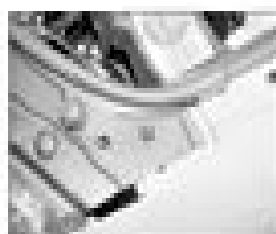
4.68 Then remove the bolt each side at the top of the wing ...

into the underbody channels (see illustrations)
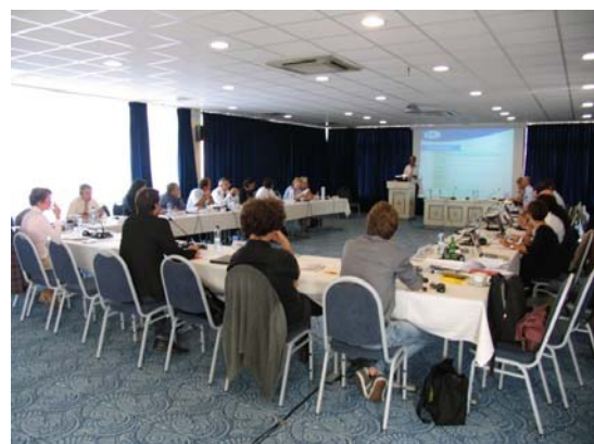
National Focal Points from the Mediterranean discuss the ICZM Stocktaking Questionnaire at Portoroz, 24 th September 2010

designed to provide a comprehensive analysis of the current legislative, institutional, policy and financial framework for ICZM governance at the different national, regional (sub-national) and local levels.
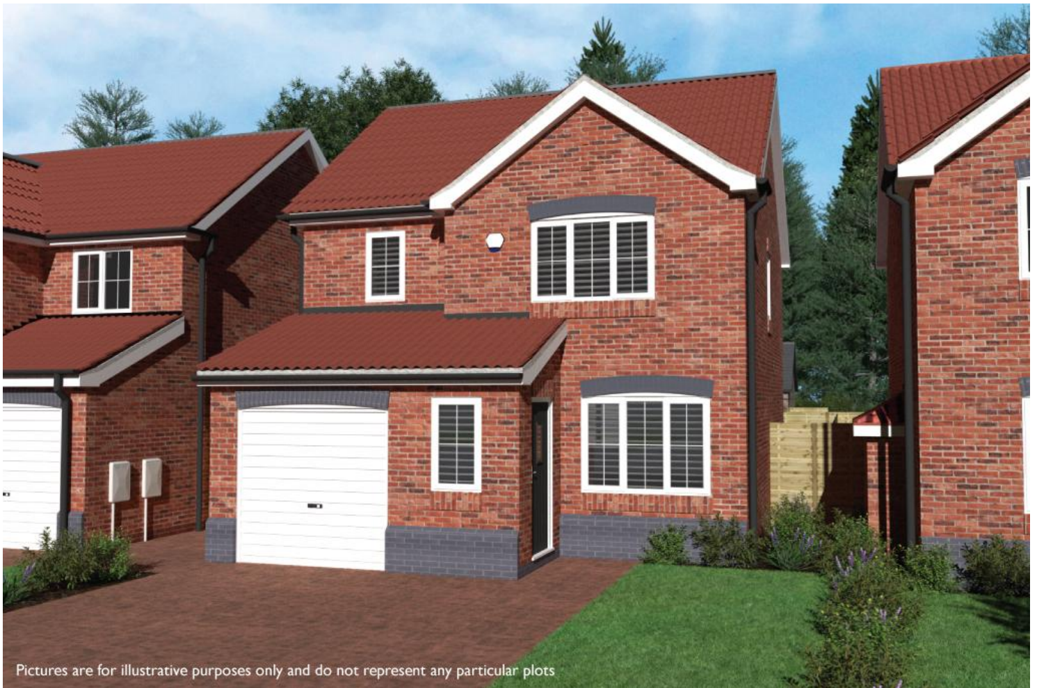
Pictures are for illustrative purposes only and do not represent any particular plots
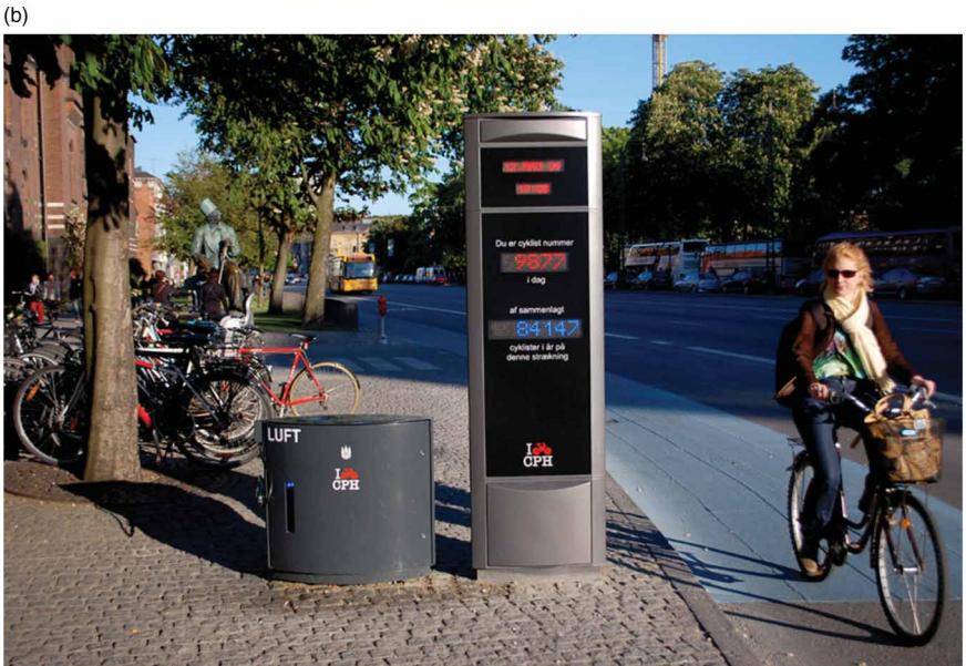
Figures 1a and 1b: Examples of existing forms of urban visualization using digital display technology (a) U.S. Debt Clock in New York City and (b) Cykelbarometer in Copenhagen

Analogue versions of public visualization displays exist as well, as shown in Figures 2a, b, and c. The Tidy Street project (Bird and Rogers, 2011) consists of a huge historical line graph, painted with chalk on a common road, which reveals the historical electricity usage of the street's inhabitants, contrasted to the average values of other UK regions. Although the street display is temporary, it
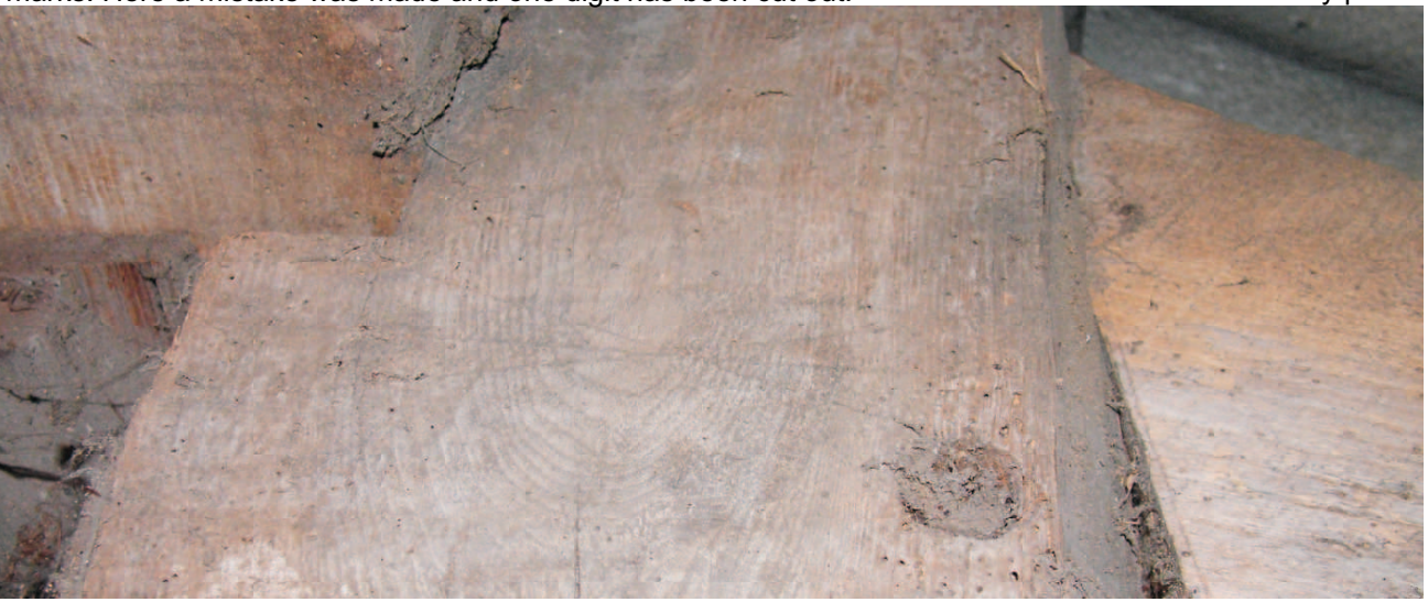
Example of face mark to one of the tiebeams. This shows the fair face produced from hewing the timber and is used as the set-out face when marking out the frame. Were visible on some tiebeams and principle rafters.
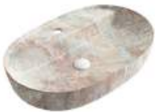
HB2TT - 472 600 X 400 X 130
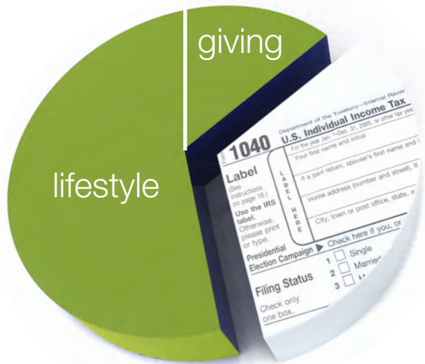
before Launch (cash-based giving)
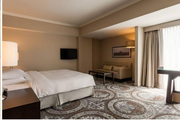
Hyatt Regency, Bishkek ★★★★★
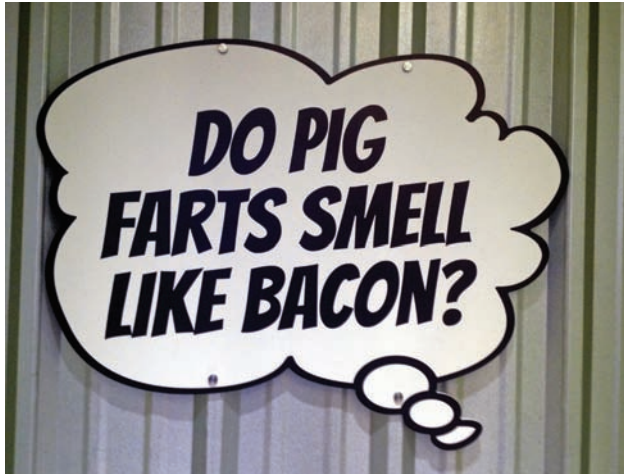
FIGURE 2: In the Pork Building, pig-related jokes are interspersed with media representations of pigs and hog- and farming-related scientific and economic factoids.
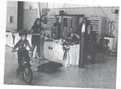
↑ The decorators are ready to go home and get ready for the big event.
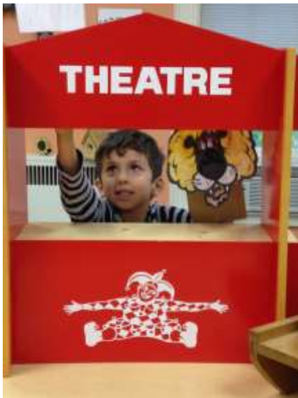
Sunday School students learn about Noah and the ark through a puppet show.
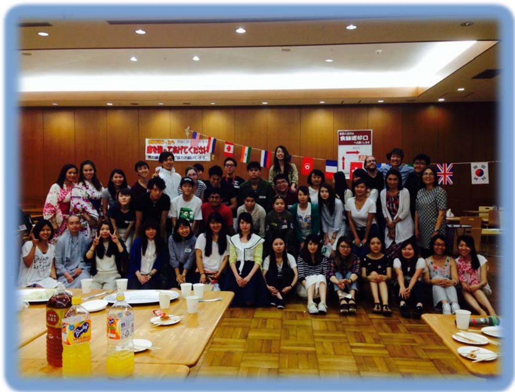
The Last Day in Japan (with Ryukoku University students)
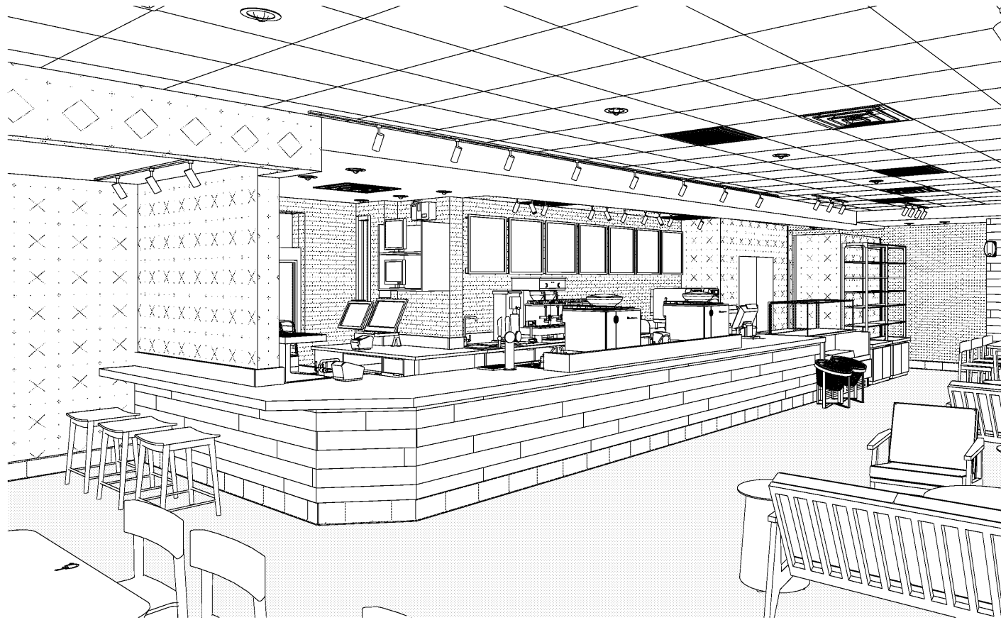
1 3D VIEW - FRONTBAR Scale:
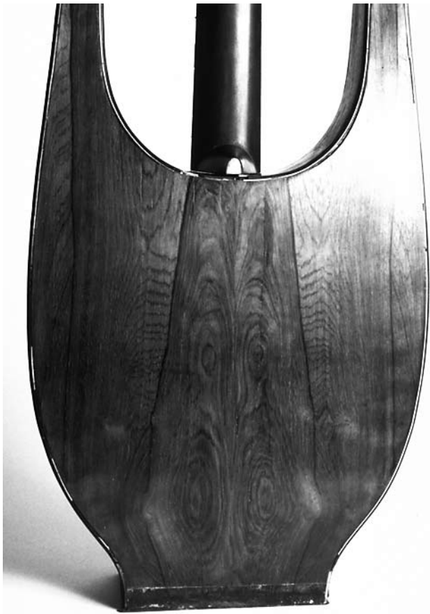
Figure 6. Back following reformation and re-attachment.

back, phase two and three steps respectively, was finished. Both top and back were cleaned using vinyl erasers, and the back was lightly coated with carnauba wax to unify the appearance of the surface.
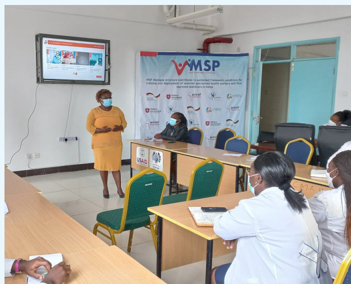
Presentations made during the MSP 2.0 Engagement.

The Forums provided an opportunity to create awareness on the Specialized Health Professionals. Thus, creating a Robust Stakeholder Network that supports the optimization of training and deployment of the Specialized Health Professionals.
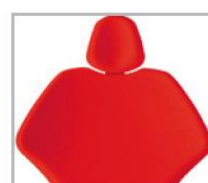
cod. 925 Rosso

Via Rossini, 26 - 40055 Villanova di Castenaso (BO) Tel. 051 780 465 - Fax 051 781 625 info@eurodent.it
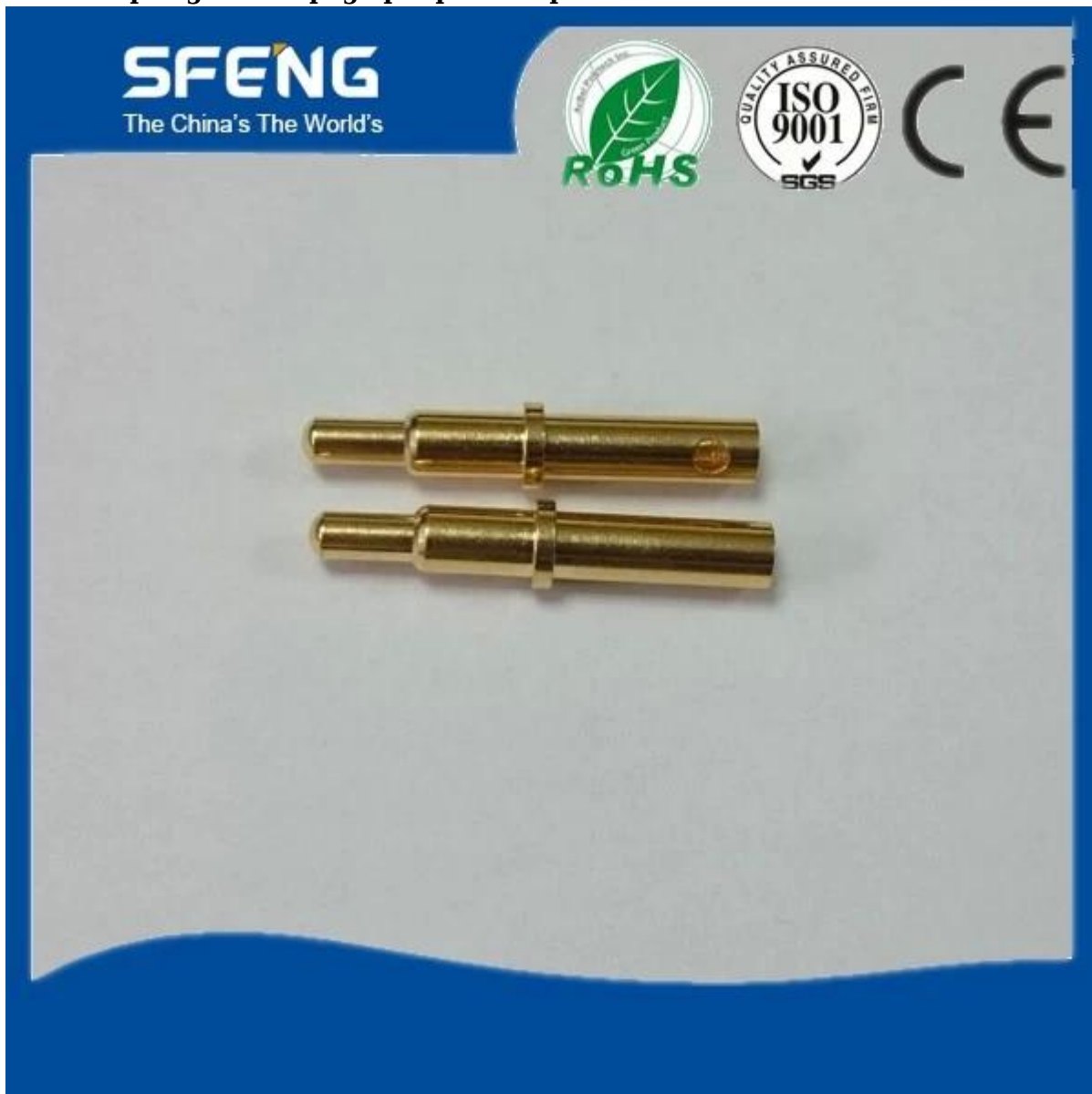
electric spring loaded pogo pin packing way

Task to complete » In the listing above, find the line with "before Launch (cash-based giving)" and output every line through the one with "FIGURE 2: In", exactly, without the pictures.

Your response »
before Launch (cash-based giving)
Hyatt Regency, Bishkek ★★★★★
FIGURE 2: In the Pork Building, pig-related jokes are interspersed with media representations of pigs and hog- and farming-related scientific and economic factoids.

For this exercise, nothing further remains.